##### Records for the exercise

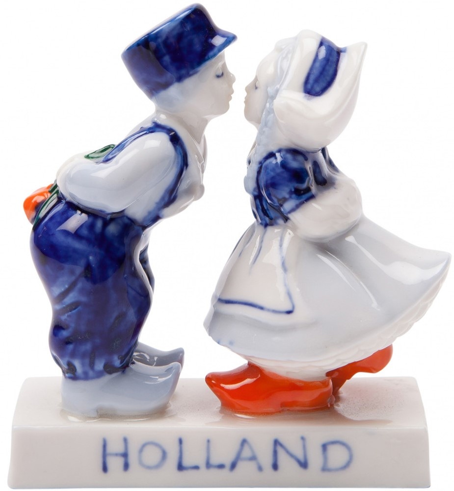 Het bekende kussende koppel van Nederland. "Typisch Hollands " Dit Delftsblauwe kussende paar! Het is een leuk geschenk voor een bijzondere vriendschap, verloving of zelfs huwelijk. Dit kussende paar heeft een moderne vormgeving. Met opvallen
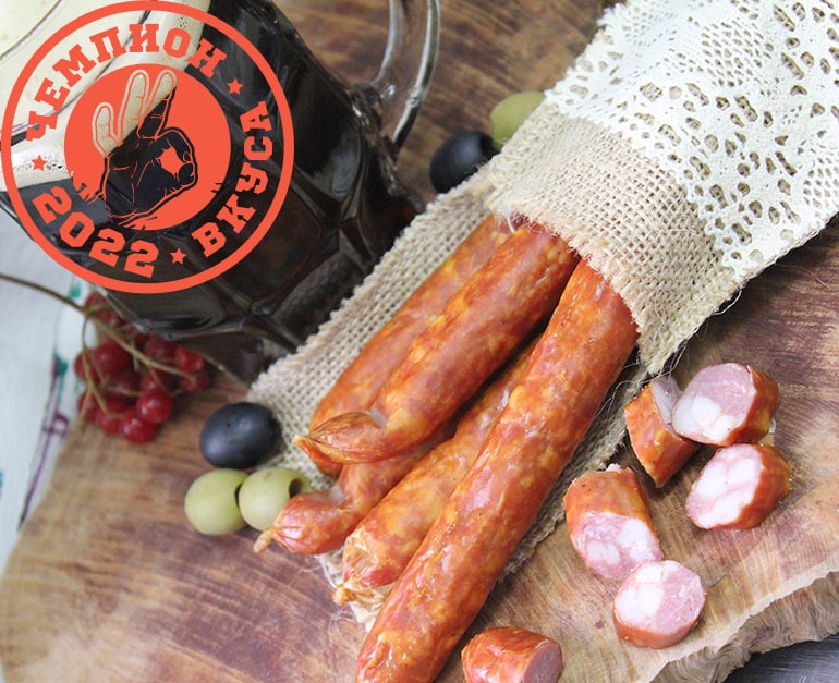 Состав:свинина, говядина, вода питьевая, пищевая добавка(соль поваренная пищевая йодированная, фиксатор окраски Е250), соль поваренная пищевая йодированная, комплексная пищевая добавка (декстроза, пряности молотые, соль, усилитель вкуса и аромата Е621, сахар, антиокислитель Е316), комплексная пищевая добавка (экстракты натуральных пряностей, стабилизатор Е450, паприка, регулятор кислотности глюконодельталактон, антиокислитель аскорбат натрия, соль), натуральный ароматизатор (декстроза, экстракты натуральных пряностей), чеснок.
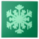 A delicate, lacy snowflake pattern on a solid background with a striated, Ikat woven texture - pastel mint green snowflake on a dark pine green / evergreen ground
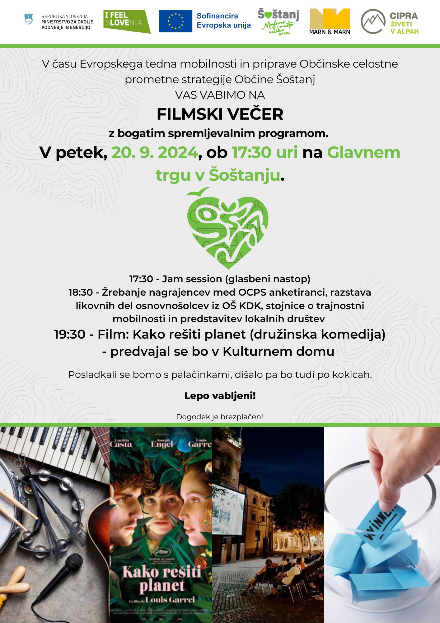 V času Evropskega tedna mobilnosti in priprave Občinske celostne prometne strategije Občine Šoštanj VAS VABIMO NA FILMSKI VEČER z bogatim spremljevalnim programom.
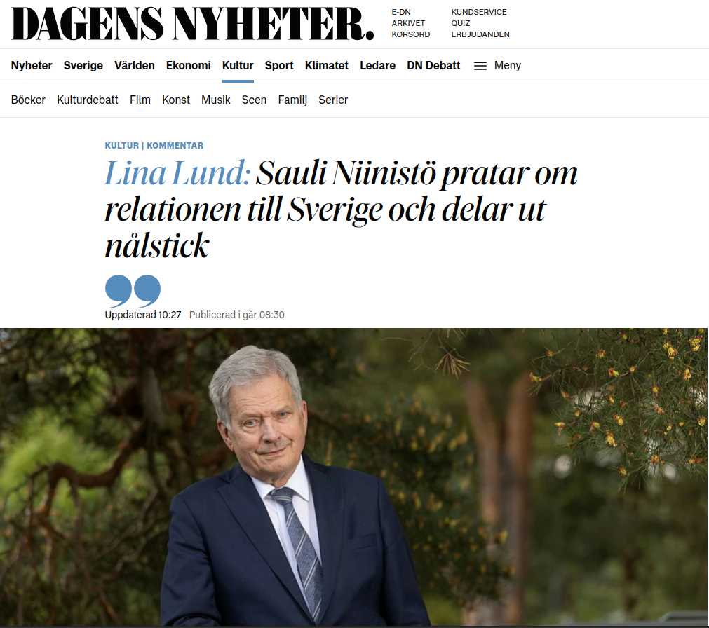 Det är ett eftertänksamt och stundtals vasst Sommarprat, som även avhandlar Niinistös möten med Vladimir Putin och hur han raserat freden i Europa. Jag hade önskat att han vågat glänta på fler dörrar till politikens inre rum, inte minst när det gäller turerna mellan Sverige och Finland under våren 2022.
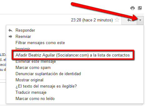 Por ejemplo, en el caso de Gmail les podrías decir que añadieran tu dirección a su lista de contactos pulsando sobre el desplegable que encontrarán en la parte superior derecha del email tuyo que hayan recibido, como en la imagen:
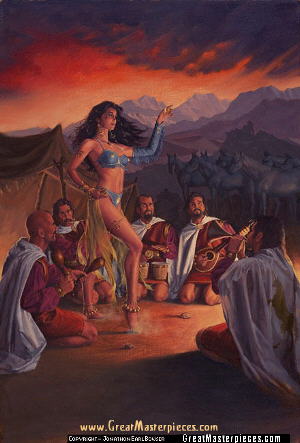 Well, now we come to a real tear-jerker. Look at the picture (above). What you see is Hagar, a lovely young Egyptian woman, watching over her son Ishmael and his descendants, the Arabs - cousins of the Jews. So how did all this come about ? Well, you see, Abraham was the forefather of both the Jews and the Arabs. Abraham’s wife, Sarah (then called Sarai) was infertile – unable to give him an heir and learning to live with the fact that she would never be a mother. Abraham was a pretty wealthy guy – but he had no children. Then the Lord God promised Abraham that he would make him the forefather of a mighty nation, but Sarai really did not quite hold out much hope of her playing any part in that promise – she just laughed. So, feeling sorry for Abraham one day, she suggested that he conceive a baby with Hagar, her lovely young Egyptian hand-maiden, and take her for his wife. Abraham did all this, and their child was called Ishmael. However, things already started getting a little testy when Hagar was pregnant. She began to despise Abraham’s wife Sarai, who obviously did not want to be moved out of the limelight and have Hagar replace her. Sarai complained to Abraham who basically said “It was your idea Sarai … you deal with it”. So, to quote the bible exactly: “Then Sarai mistreated Hagar; so she fled from her”. (Genesis 16:6) I imagine this “Cat fight” was not done much justice by the author of Genesis, but we can probably imagine what happened. Anyhow, pretty soon poor Hagar winds up near a spring in the desert – abandoned by her husband Abraham and chased away like some “common tramp” by Sarai. A this point, an Angel of the Lord appears to Hagar and promises that if Hagar returns and humbles herself, her descendants will be too numerous to count. As well though, the Angel says to her that her son Ishmael (from whom the Arabs are descended ) “will be a wild donkey of a man, his hand will be against everyone and everyone’s hand against him, and he will live in hostility towards all his brothers” … anyone left who doubts biblical prophesy ?
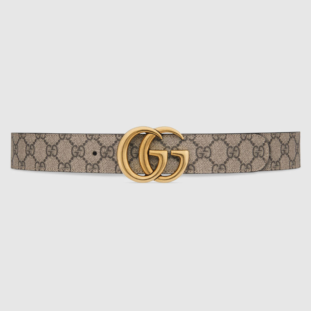 The GG Marmont's recognizable design blends the 70s GG hardware with contemporary styles. This GG Supreme canvas belt reverses to brown leather offering an alternative look.
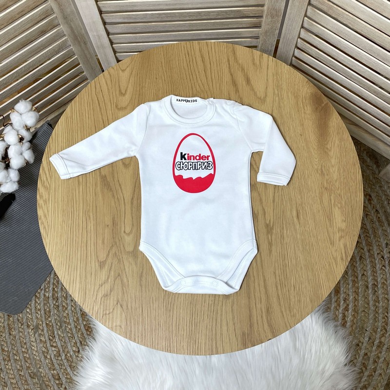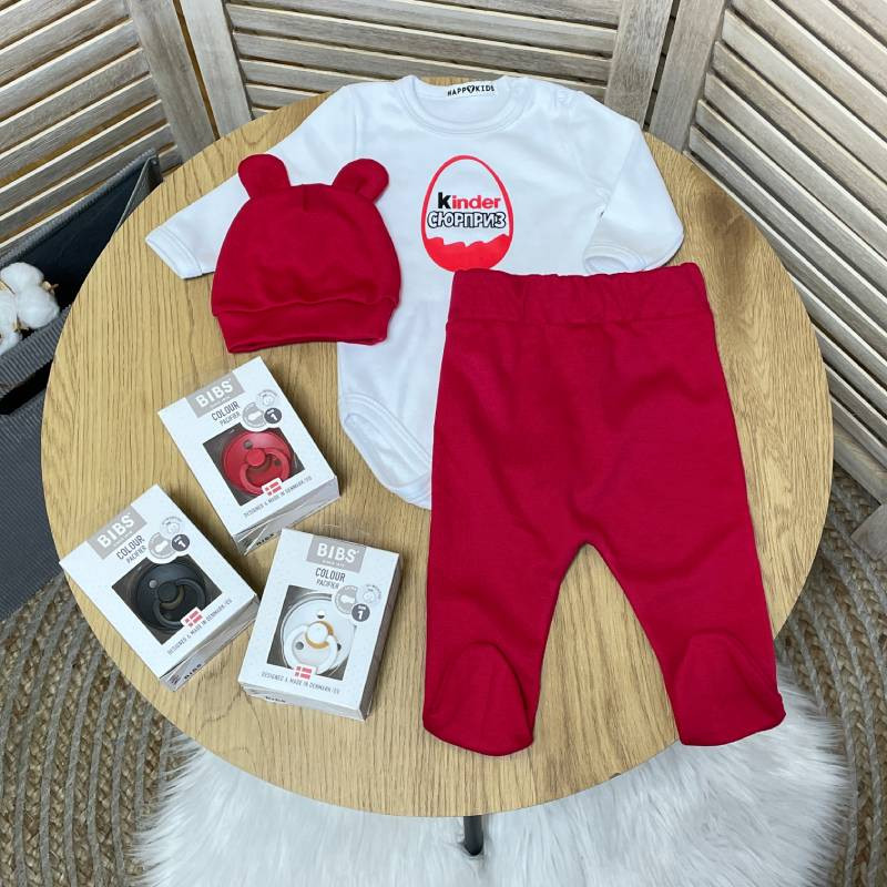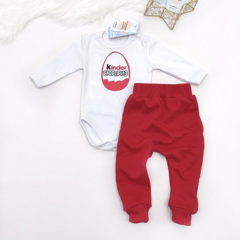 Стильний комплект для хлопчика з улюбленим принтом кіндер сюрприз складається к бавовняного боді і червоних штанців.

##########

-- Work item --
From the records above, copy exactly the lines starting at the one with "A delicate, lacy" and ending at the one with "Por ejemplo, en", and no others. Pictures stay out.

-- Result for this task --
 A delicate, lacy snowflake pattern on a solid background with a striated, Ikat woven texture - pastel mint green snowflake on a dark pine green / evergreen ground
 V času Evropskega tedna mobilnosti in priprave Občinske celostne prometne strategije Občine Šoštanj VAS VABIMO NA FILMSKI VEČER z bogatim spremljevalnim programom.
 Det är ett eftertänksamt och stundtals vasst Sommarprat, som även avhandlar Niinistös möten med Vladimir Putin och hur han raserat freden i Europa. Jag hade önskat att han vågat glänta på fler dörrar till politikens inre rum, inte minst när det gäller turerna mellan Sverige och Finland under våren 2022.
 Por ejemplo, en el caso de Gmail les podrías decir que añadieran tu dirección a su lista de contactos pulsando sobre el desplegable que encontrarán en la parte superior derecha del email tuyo que hayan recibido, como en la imagen:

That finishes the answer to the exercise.